The following listing shows the technologies used by the project MEGA.

MEGA depends on an Openshift Infrastructure setup with mega-infrastructure:2.x.

Project setup

The following sections will explain how a developer can setup the local development environment and get MEGA running.

Developer PC Setup

You need the following software suitable for your used platform:

  1. OpenJDK 11

  2. Maven 3.6.3

  3. NodeJS 12.x.x

  4. Npm 6+

  5. Docker

Backend setup

The backend project is located at ./mega-zep-backend.

  • Start local postgres instance
    docker run -p 5432:5432 --env POSTGRES_PASSWORD=mega --env POSTGRES_USER=mega --env POSTGRES_DB=mega --name mega-db postgres:10

  • Go to
    cd ./mega-zep-backend

  • Build the application
    mvn clean install

  • Start quarkus in development mode
    mvn quarkus:dev

The database schema will be created/migrated after the service started with quarkus:dev.

Frontend Setup

The frontend project is located at ./mega-zep-frontend.

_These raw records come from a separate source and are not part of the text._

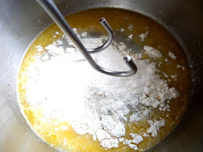 Снять с огня и всыпать муку. Взбить миксером с насадкой "крючки".
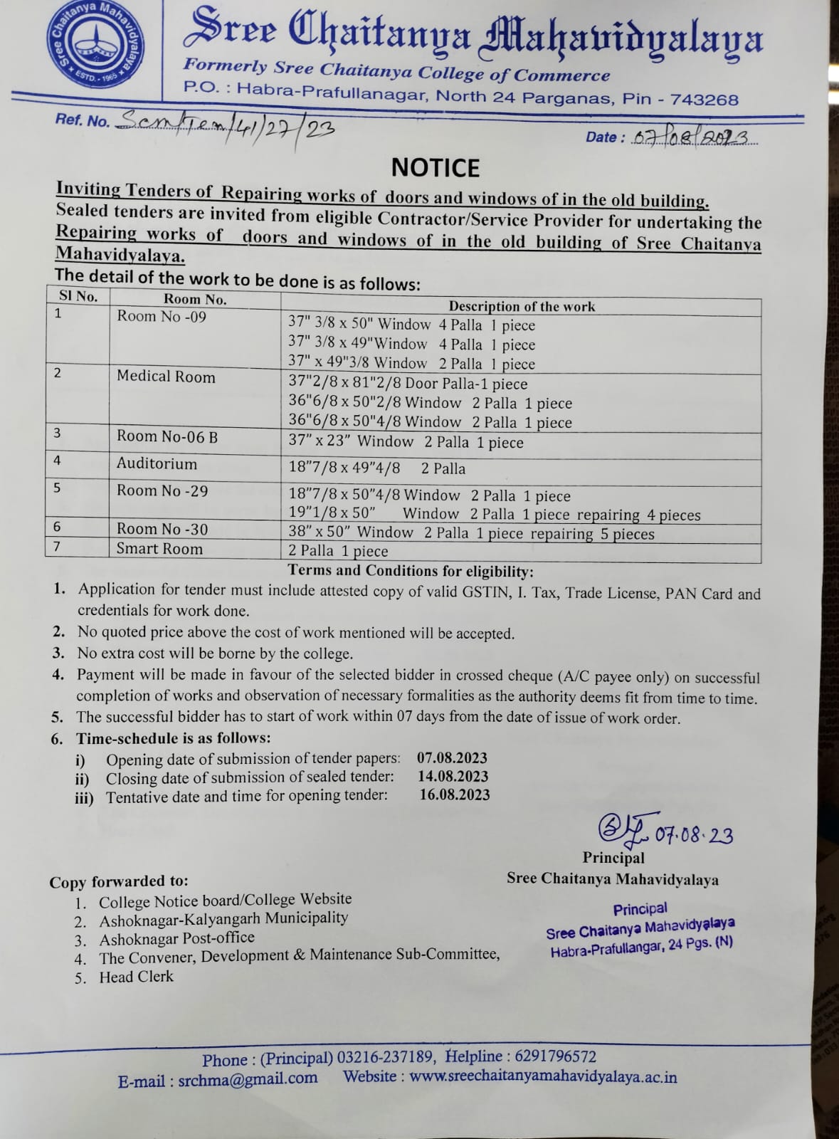 Inviting Tenders for repairing works of grills, windows etc. for college auditorium |
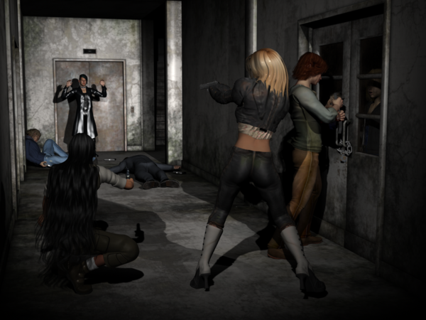 It was early on the morning of the fifth day of their captivity. One of David's 'goons' (neither girl had ever learned his name, and neither particularly cared to know, other than to make certain that they were spitting on the right grave) had given them their 'breakfast' about a half-hour earlier -- and Laura, for one, never wanted to even look at another Egg McMuffin, ever again -- when they heard a commotion in the hall outside their place of captivity. Shouts, running feet, the sounds of a brief scuffle, finally punctuated by several gunshots. The girls rushed to the door to see what was going on.
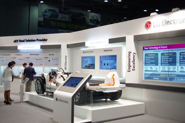 LG전자는 자사의 전기차용 부품을 탑재한 ‘경량 플랫폼’을 선보였다. 이는 배터리팩을 장착할 수 있는 플랫폼이며, 자동차용 경량화 복합재료와 자체 기술로 제작해 자동차 플랫폼의 중량을 약 20% 절감할 수 있다.
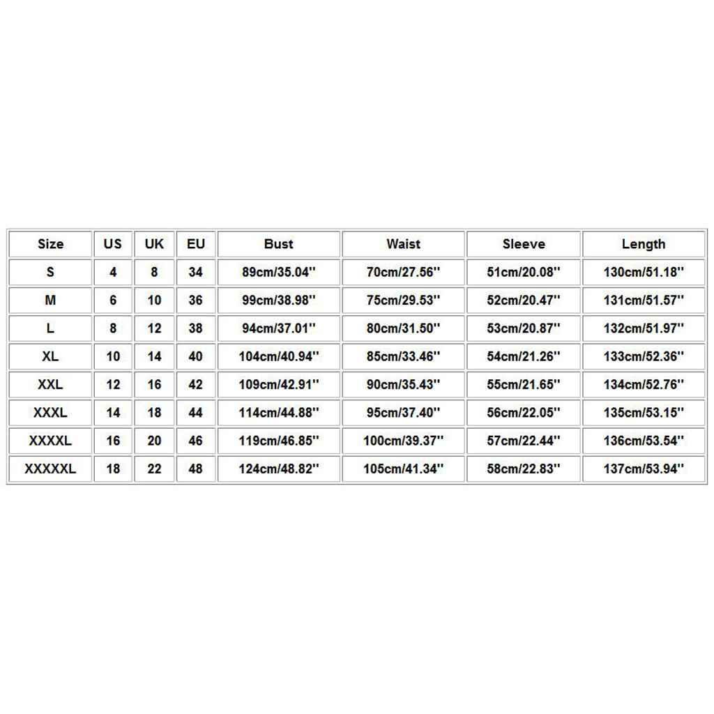 | Size | US | UK | EU | Bust | Waist | Sleeve | Length |

  1. Install global dependencies
    npm install -g @angular/cli

  2. Go to the project
    cd ./mega-zep-frontend/src/main/angular/frontend

  3. Install project dependencies
    npm install

  4. Start webserver
    npx ng serve

  5. Test the frontend
    npx ng test

The frontend will take some time to come up which is due to the compilation process which takes some time.

Secrets

The following file ./mega-zep-backend/.env contains the secret values and has to be added manually by the developers.

/mega-zep-backend/.env
# The auth token provided by ZEP
TOKEN=***
# The gmail password to use
MAILER_PASSWORD=***
## STAGE deployments only, not for local
# The database user
DB_USER=***
# the database users password
DB_PASSWORD=***
# the host:port where to reach the database
DB_HOST=***
Important
Without this file the backend won’t start.

Database

MEGA uses a database to store persistent data whereby the database is managed by liquibase.

Local development with PostgreSQL

For the local development we use Postgres which is automatically setup by liquibase during mvn quarkus:dev startup. We use the liquibase-maven-plugin which provides maven goals to manage the local database. The source definition of our database schema is the JPA datamodel, and we generate the changeset files via the liquibase-maven-plugin.

Important
All liquibase maven goals work on the compiled sources and resources located in ./mega-zep-backend/target/classes/.

How to use Liquibase

The following sections provide information about how to use the liquibase-maven-plugin properly.

How to generate a full changeset?

  1. Drop the current database schema
    mvn liquibase:dropAll

  2. Generate the changeset
    mvn liquibase:generateChangeLog

Important
Ensure that the generated full changeset is proper and that everything has been defined in the JPA model.

How to generate a diff changeset?

  1. Ensure the database is consistent with the current liquibase definitions
    liquibase:update

  2. Generate the diff changeset
    mvn liquibase:diff

How to apply a changeset?

  1. Apply newly created changeset
    liquibase:update

Important
Liquibase updates only work on consistent database states defined by changeset files, and the state persisted in the liquibase specific tables, so if a changeset has already been applied then it cannot be reapplied again anymore, and the database needs to be dropped and recreated in full.

How to test a new changeset?

  1. Try clean install and H2 setup during tests
    mvn clean install

  2. Try application in development and Postgres setup
    mvn quarkus:dev

Important
Ensure that the database state is on the current released version.

Test with H2

For the unit tests we use H2 which is automatically setup by liquibase. We always get a new H2 instance for each test execution, therefore there will never be incompatibilities, therefore developers don’t need to anything.